WORK REQUEST: Only the lines from the line with "Ecco la locandina" through the end of the records belong in your reply, copied exactly, with every picture left out.
[EXERCISE INPUT Boundary: Start]
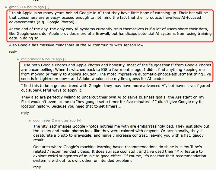 实际上,出于保护用户隐私的目的,苹果干掉了普通的信息收集引擎,从而确保用户数据不被其他人滥用。要知道,大量的数据可以极大改善神经网络的学习能力。这种保护使用其设备和在线服务的用户数据收集的强硬立场,从用户意识形态角度是值得称赞的,但却不利于团队通过神经网络构建服务,结果在外界眼中,苹果在人工智能领域无法与其他科技巨头齐头并进。
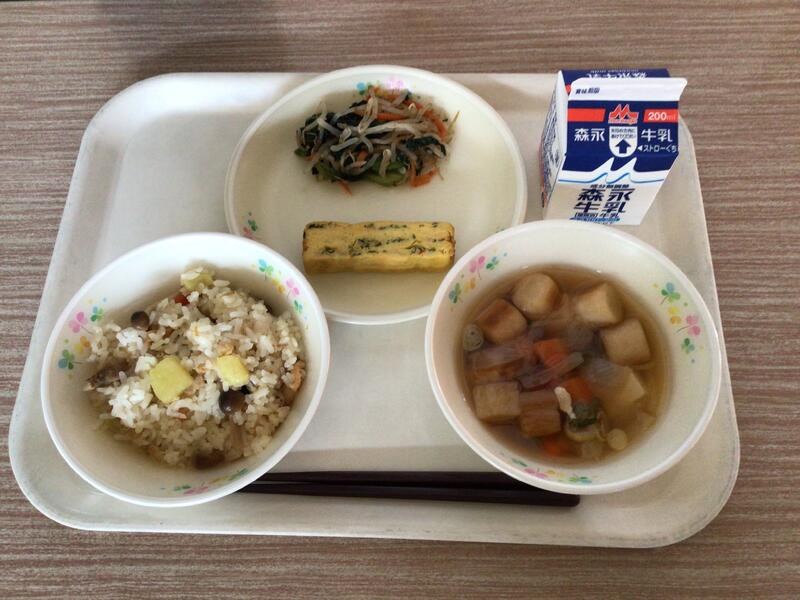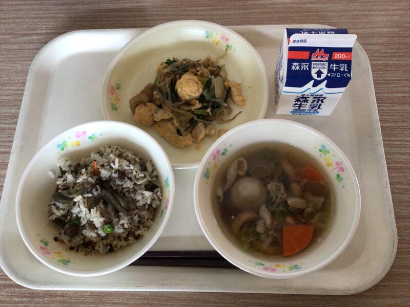 牛乳、秋の香りご飯、すまし汁、小松菜のおかか和え、千草焼き
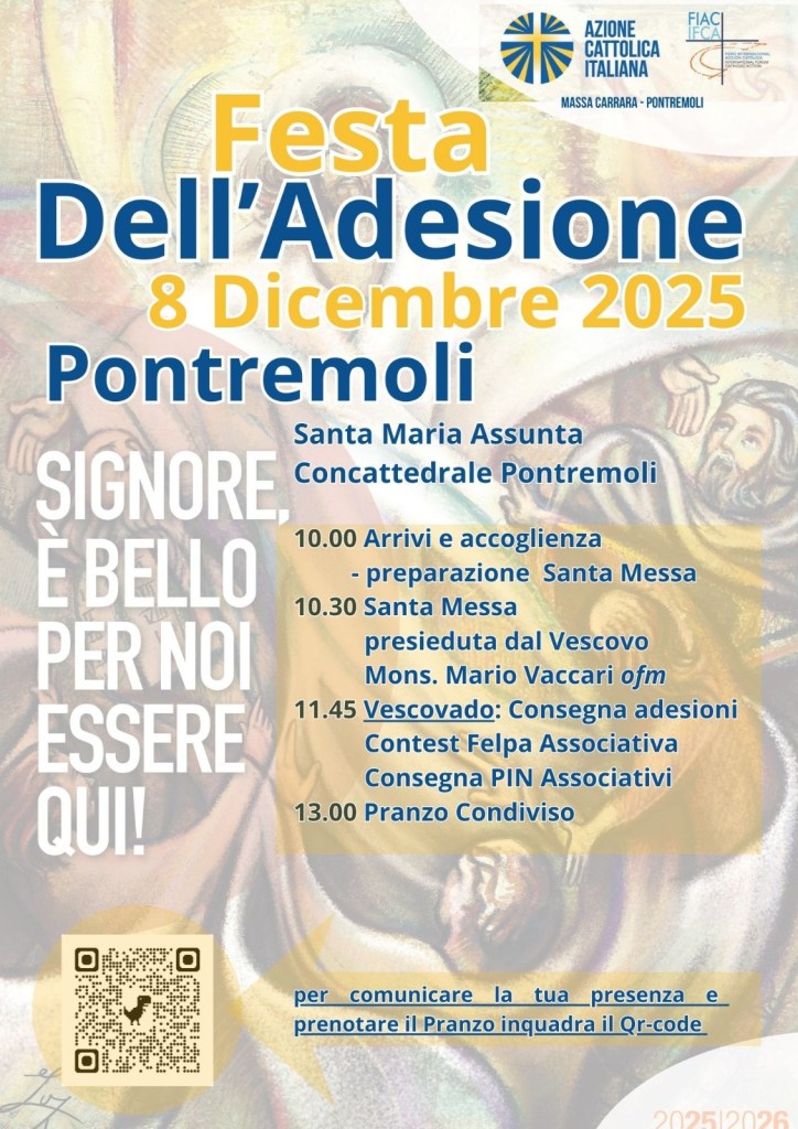 Ecco la locandina della Festa dell’Adesione che si terrà lunedì 8 dicembre 2025 presso la Concattedrale di Pontremoli Santa Maria Assunta. Vi aspettiamo!
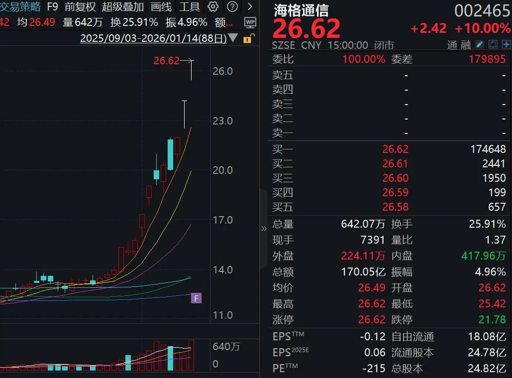 海格通信是近期市场上的另一只牛股。2025年12月24日至2026年1月14日,海格通信累计涨幅超过100%,1月14日,其股价再次涨停。
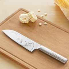 钼钒钢刀身,硬度高更锋利;不锈钢刀柄,可进洗碗机消毒柜。全钢刀身,更有质感,激光刻印可爱猫咪造型,放心使用
[EXERCISE INPUT Boundary: End]
SOLUTION FOR THIS EXERCISE:
 Ecco la locandina della Festa dell’Adesione che si terrà lunedì 8 dicembre 2025 presso la Concattedrale di Pontremoli Santa Maria Assunta. Vi aspettiamo!
 海格通信是近期市场上的另一只牛股。2025年12月24日至2026年1月14日,海格通信累计涨幅超过100%,1月14日,其股价再次涨停。
 钼钒钢刀身,硬度高更锋利;不锈钢刀柄,可进洗碗机消毒柜。全钢刀身,更有质感,激光刻印可爱猫咪造型,放心使用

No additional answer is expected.